GONTER@awiwuw11.wu-wien.ac.at (Gerhard Gonter) (06/07/91)
There's clearly a need for a public domain online dictionary system and there are already a lot of such things available on various ftp sites etc.... Most of them are word lists, some of the contain part-of-speech or other information as well. Before we start compiling yet another one, we should sit back and consider an encoding scheme which is flexible enough to meet a wide variety of needs and applications. It's also a good idea to think about a possible way to expand such an encoding scheme for applications we don't even have an idea about now. In the last few months I've collected all sorts of dictionary material from virtually all over the world. This stuff was used then to create an experimental lexicon which currently has more than 384000 entries, mostly english words. Many entries have part-of-speech information and data from a so called psycholinguistic database included. Yet there are some more files to be processed. My problem about this lexicon is, that it's already too large for my processing capabilities (== hard disk storage space). I'm very interested in a `public lexicon project' and I'm willing to share the material that I've accumulated. I'm especially interested in an encoding scheme, powerfull enough to meet whatever the needs of interested users are. - Such an encoding scheme would/should possibly be based on SGML. Any comments/ideas? p.s. Douglas Adam's Hitchhikers Guide could be a nice metaphor for such a project. p.p.s: what about comp.text.lexicon ? best wishes, Gerhard Gonter +-+-+-+-+-+-+-+-+-+-+-+-+-+-+-+-+-+-+-+-+-+-+-+-+-+-+-+-+-+-+-+-+-+-+-+ Gerhard Gonter <GONTER@AWIWUW11.BITNET> Tel: +43/1/31336/4578 <gonter@awiwuw11.wu-wien.ac.at> +-+-+-+-+-+-+-+-+-+-+-+-+-+-+-+-+-+-+-+-+-+-+-+-+-+-+-+-+-+-+-+-+-+-+-+
jkp@cs.HUT.FI (Jyrki Kuoppala) (06/08/91)
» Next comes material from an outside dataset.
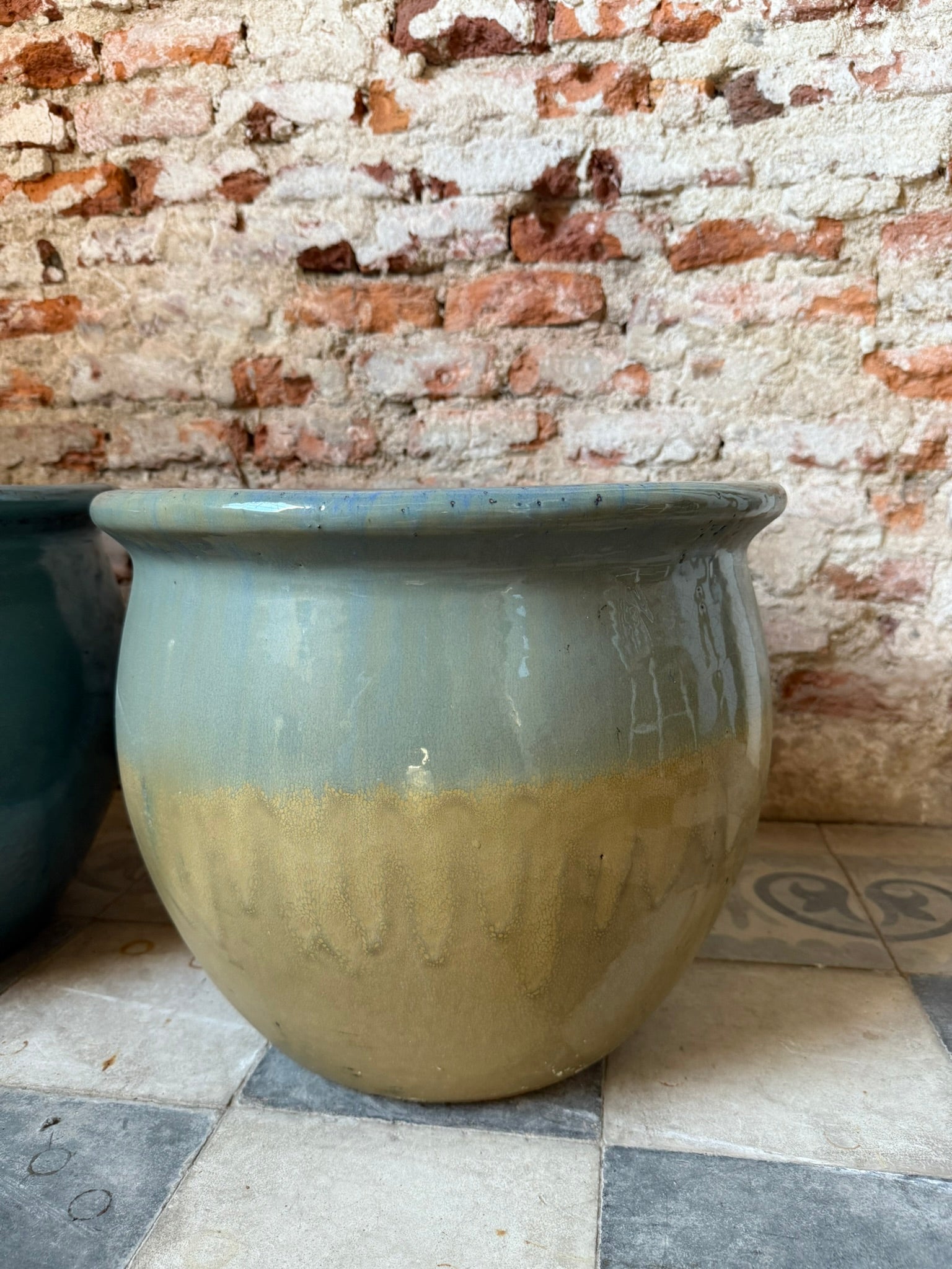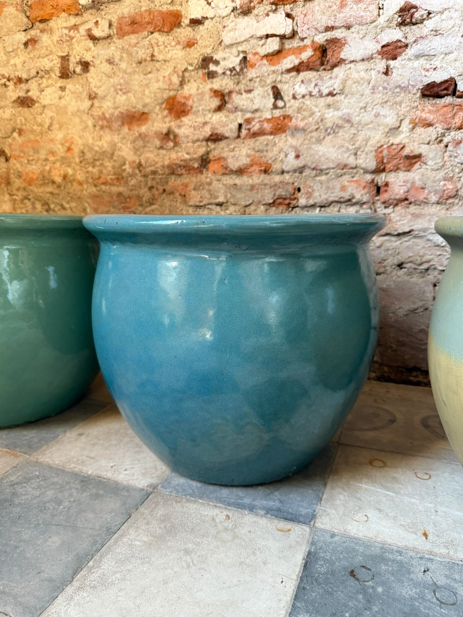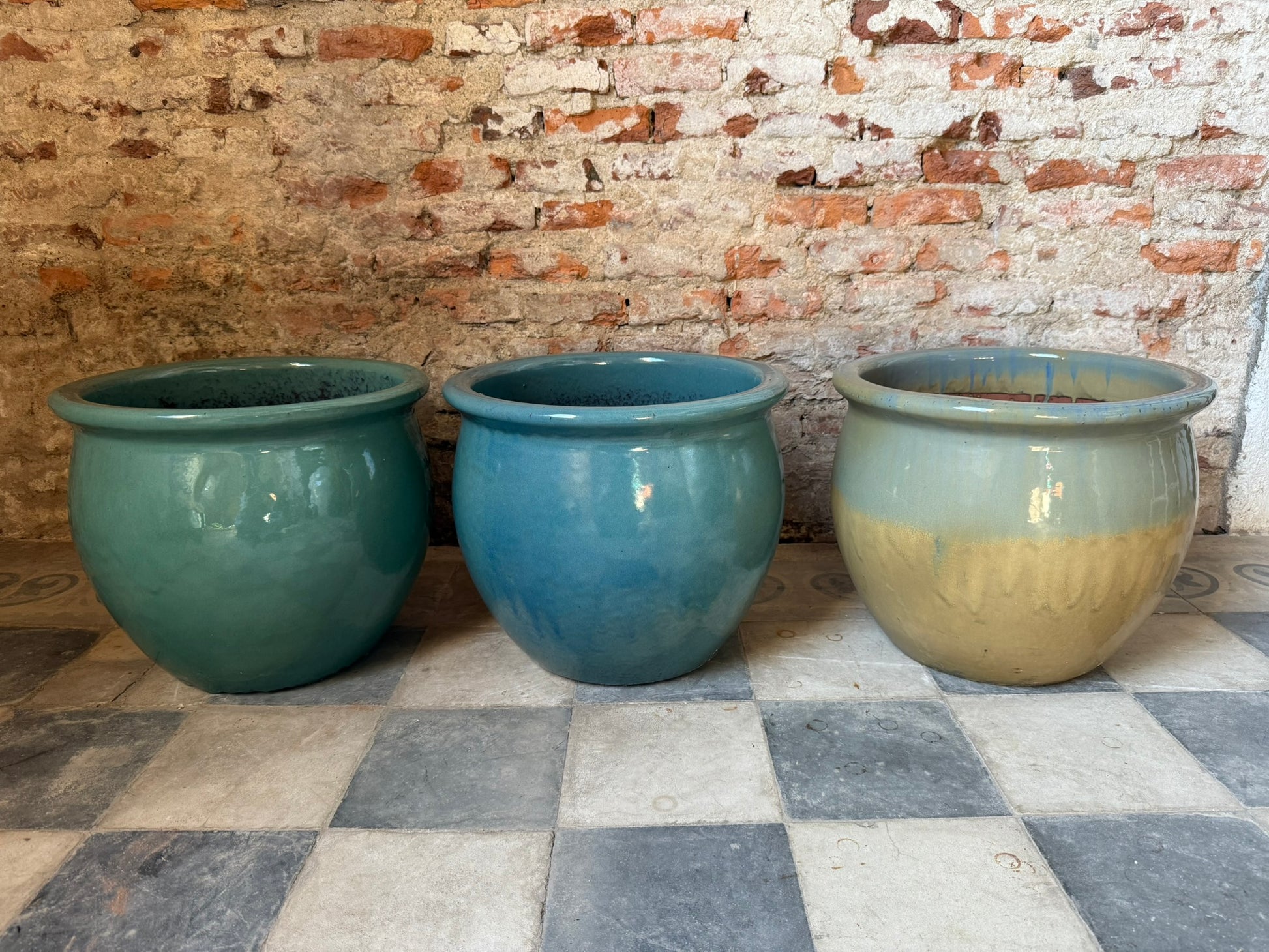 Estas macetas tienen un diseño más ancho y bajito, con ese borde plano que le da un aire clásico pero moderno. Cada color tiene su magia: del verde agua al degrade arena, todas quedan increíbles en interiores luminosos o patios con alma.

In article <91156.144339GONTER@awiwuw11.wu-wien.ac.at>, GONTER@awiwuw11 (Gerhard Gonter) writes: >Before we start compiling yet another one, we should sit back and >consider an encoding scheme which is flexible enough to meet a wide >variety of needs and applications. It's also a good idea to think >about a possible way to expand such an encoding scheme for applications >we don't even have an idea about now. I think it'd be a good idea to provide support for several languages in the format. Then of course there'll be some trouble with the character sets, etc, but the work would be useful all over the world, and perhaps it could be made into a multi-language freely distributable dictionary. Maybe it could also be useful as a dictionary for automatic translation tools (ah well, then the format would be quite complicated). //Jyrki
lee@sq.sq.com (Liam R. E. Quin) (06/09/91)
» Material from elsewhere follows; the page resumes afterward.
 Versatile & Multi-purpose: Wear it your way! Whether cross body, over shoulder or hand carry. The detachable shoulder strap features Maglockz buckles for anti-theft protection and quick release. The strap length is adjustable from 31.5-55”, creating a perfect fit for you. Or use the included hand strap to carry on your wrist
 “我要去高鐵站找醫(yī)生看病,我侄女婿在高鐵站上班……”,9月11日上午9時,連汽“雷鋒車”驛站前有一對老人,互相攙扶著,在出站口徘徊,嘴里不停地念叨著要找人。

GONTER@awiwuw11.wu-wien.ac.at (Gerhard Gonter) writes: > There's clearly a need for a public domain online dictionary system yes! > Before we start compiling yet another one, we should sit back and > consider an encoding scheme which is flexible enough to meet a wide > variety of needs and applications. It's also a good idea to think > about a possible way to expand such an encoding scheme for applications > we don't even have an idea about now. I agree... > I'm very interested in a `public lexicon project' and I'm willing > to share the material that I've accumulated. I'm especially interested > in an encoding scheme, powerfull enough to meet whatever the needs > of interested users are. > - Such an encoding scheme would/should possibly be based on SGML. Well, that's a good idea too. I think that the best way forward is to use a simple format that can easily be transmitted over networks. This implies a limited character set and fairly short (<= 72 character) lines for many people. The simple format can easily be converted to SGML. It isn't easy writing a DTD for a dictionary, so it is probably better not to try and do so at first, although that doesn't preclude an SGML-style markup. Another alternative would be the Text Encoding Initiative DTD, but that's probably more general than is appropriate. > p.p.s: what about comp.text.lexicon ? I think I'd rather see actual progress before a newsgroup, although I suppose I could be persuaded to moderate such a thing. Lee -- Liam Quin, lee@sq.com, SoftQuad, Toronto, +1 416 963 8337 the barefoot programmer
lark@greylock.tivoli.com (Lar Kaufman) (06/11/91)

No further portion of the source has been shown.